Lamb Korma (Mutton Korma)
A delicious lamb korma, goes well with Indian breads (rotis / parathas ..) / pulao / ghee rice / appam / idiyappam
(string hoppers) / brown bread / whole wheat bread / …
Serves: 4
Ingredients
For the lamb (mutton):
500 g mutton (lamb), cut into medium size pieces
½ teaspoon salt
½ teaspoon turmeric powder
½ teaspoon red chilli powder
1 teaspoon vinegar
2 tablespoon thick ginger – garlic paste
Wash and clean mutton pieces well.

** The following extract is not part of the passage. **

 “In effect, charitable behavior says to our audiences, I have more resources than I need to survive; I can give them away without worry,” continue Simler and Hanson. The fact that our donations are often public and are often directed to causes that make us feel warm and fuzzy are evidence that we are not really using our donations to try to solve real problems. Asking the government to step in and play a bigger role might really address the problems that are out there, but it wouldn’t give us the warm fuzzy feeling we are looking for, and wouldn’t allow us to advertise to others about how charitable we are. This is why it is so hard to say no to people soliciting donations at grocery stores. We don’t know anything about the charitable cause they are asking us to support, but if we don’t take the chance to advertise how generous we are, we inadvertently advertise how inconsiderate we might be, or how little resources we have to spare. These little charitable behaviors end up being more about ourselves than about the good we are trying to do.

Drain out water
completely. In a bowl, marinate mutton pieces with salt, turmeric powder, red
chilli powder, vinegar and ginger –
garlic paste. Cover and keep aside for half an hour.
Other ingredients
For the coconut paste:
8 cashew nuts
2 tablespoon water
5 tablespoon grated coconut
Method
Soak cashew nuts in 2 tablespoon water for one hour and make
a smooth paste with grated coconut along with the cashew nut soaked water. Keep
aside.
1 tablespoon oil
2 cardamom
3 cloves
2 cinnamon sticks
1 bay leaf
1 onion (1 big size or 2 small size), finely sliced
1 ½ teaspoon red chilli powder
1 ½ teaspoon coriander powder
¼ teaspoon turmeric
powder
10 nos curry leaves
1 big size (or 2 small size tomatoes), tomato, sliced
Marinated mutton pieces
¾ teaspoon salt (or
to taste)
½ cup / 100 ml / 4 oz water
1 tablespoon chopped coriander leaves
Method
Dilute red chilli powder, turmeric powder and coriander in 2
tablespoon water and keep aside (spice mix).
Heat oil in a pan / kadai. Add whole spices (cardamom,
cinnamon, cloves and bay leaf) and fry on a low heat until fragrant.

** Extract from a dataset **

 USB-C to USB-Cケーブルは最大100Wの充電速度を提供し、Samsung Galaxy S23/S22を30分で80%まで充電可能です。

Add sliced onion and fry on a medium to low heat until
golden color.
Add diluted spice mix and stir well on a low heat for 2 – 3
minutes until the raw smell goes and
water dries up / well combined with onions.
Add curry leaves and stir well.
Add sliced tomatoes and fry for - 4 minutes.
Add marinated lamb pieces, salt to taste and ½ cup / 100
ml water( or maximum 125 ml water) (just to cover lamb pieces). Mix all the ingredients well. Cover with
a tight lid and cook on a medium to low heat for 35 - 40 minutes / until 3/4done
(it will take 45 minutes to 1 hour to fully cook lamb pieces in India).
At this stage, add coconut – cashew nut paste mix well. Do
not add extra water. Cover again and cook on a low to medium heat (do not cook
on high heat) for another 10 minutes until done / lamb pieces well cooked / fragrant. Sprinkle chopped coriander leaves. Serve with
pulao / ghee rice / appam … Please remove whole spices (cinnamon, clove,
cardamom and bay leaf) when serving to kids and senior citizen.